Evaluate values for both accuracy and recall, using things like the scikit-learn evaluation framework. In the early stages of development, there is not enough data at all, and both accuracy and recall are tattered. Therefore, if you increase the training data only in the category with low recall rate, the recall rate of that category should improve. It should also improve the accuracy of the category that was misrecognizing that category. As long as you behave like that, you should steadily increase the learning data and evaluation data. The dataset created for that should not be wasted.

In machine learning, a model with a higher degree of freedom can be applied with less residuals to the training data. However, it does not mean that accuracy and recall will be achieved when it is not used for learning.
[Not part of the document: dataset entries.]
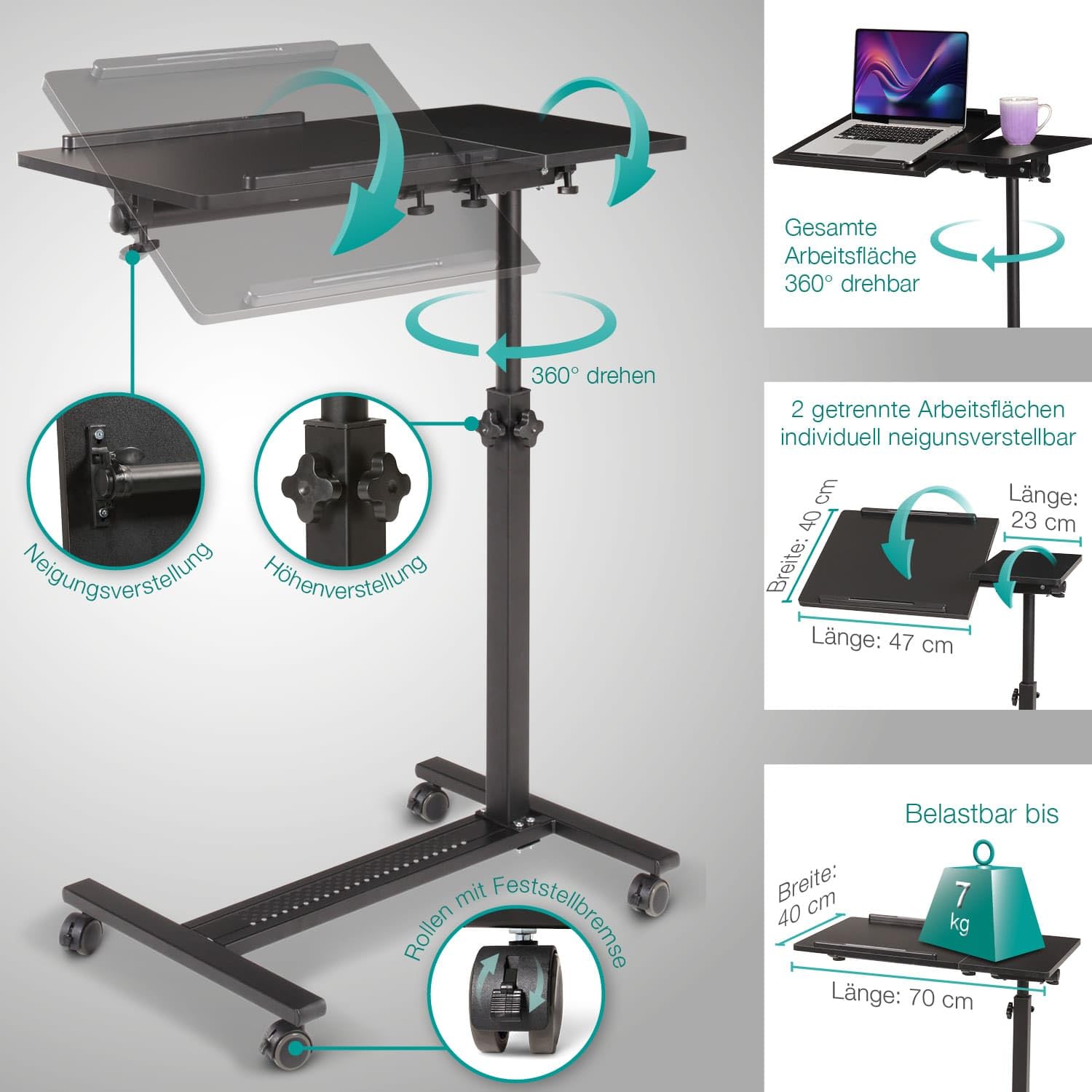 "Ideal for living or bedroom: This side table provides a practical work surface and storage space for drinks, snacks, and writing utensils in both the bedroom and living room.","Adjustable work surfaces: The work surfaces can be independently tilted, providing the ideal setting for books, magazines, laptops, tablets, and more.","With 4 wheels: Equipped with four lockable wheels, this side table becomes a practical piece of furniture that can be used as a bedside table in the bedroom for a comfortable breakfast in bed.","Anti-slip edge: The larger work surface is equipped with an anti-slip edge to prevent books or computers from slipping off and to provide a secure grip in the tilted position.","Sturdy and durable: A sturdy metal frame and robust adjustment screws ensure safe and reliable transportation and use of the side table, making it a practical all-rounder for any room."
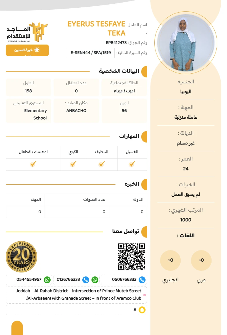 المهنة : عاملة منزلية
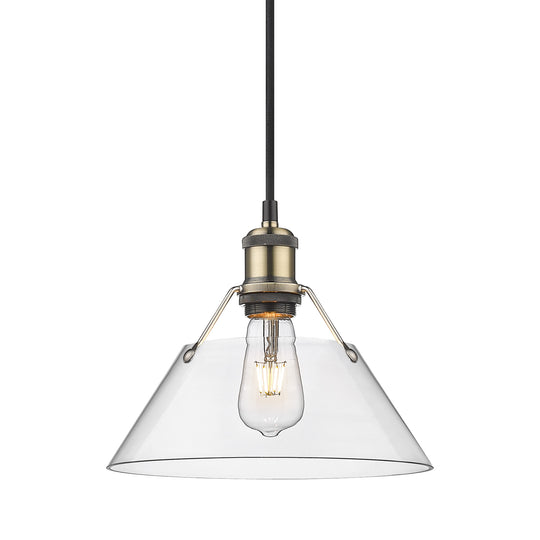 Yep by Golden Lighting Orwell 1-light 10in Pendant in Aged Brass and Clear Glass

With any machine learning algorithm, the original performance cannot be achieved when the amount of learning / evaluation data is insufficient. Each algorithm only depends on how sensitive the lack of data is.

** Support Vector Machine (SVM) **

Support vector machines (SVMs) are said to be easy to give stable learning results even with relatively small amounts of data (compared to other algorithms). Even one of the SVM algorithms has the know-how to lead machine learning to success by processing data in advance (A Practical Guide to Support Vector Classification. /~cjlin/papers/guide/guide.pdf)).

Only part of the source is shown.